■ What you need to do ■
A word-for-word retyping of the listing below is required, with the pictures dropped.

■ Given material ■
*** Begin section ***

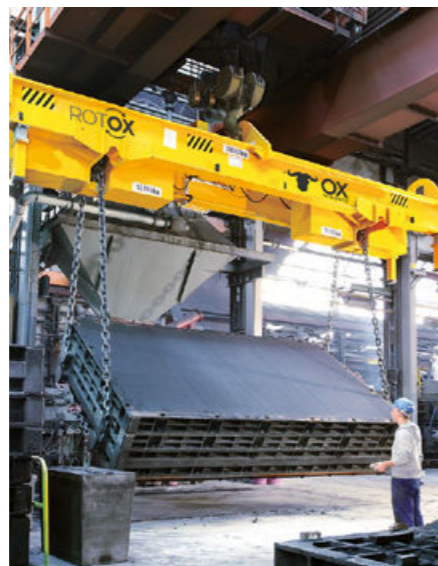
Capacidad: 100t Distancia de la correa: 2,900 – 7,000 mm Ajuste: eléctrico
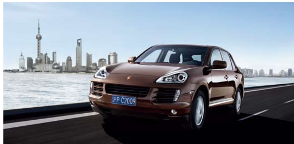
▲ 保时捷 Cayenne Edition Style 是首款专为中国保时捷爱好者推出的产品

此款中国专享车型的成功，标志着保时捷中国在其不断发展壮大历程中取得了一个新的成就，也体现出保时捷对中国市场始终不变的承诺。

*** End section ***

■ The completed task ■
Capacidad: 100t Distancia de la correa: 2,900 – 7,000 mm Ajuste: eléctrico
▲ 保时捷 Cayenne Edition Style 是首款专为中国保时捷爱好者推出的产品

此款中国专享车型的成功，标志着保时捷中国在其不断发展壮大历程中取得了一个新的成就，也体现出保时捷对中国市场始终不变的承诺。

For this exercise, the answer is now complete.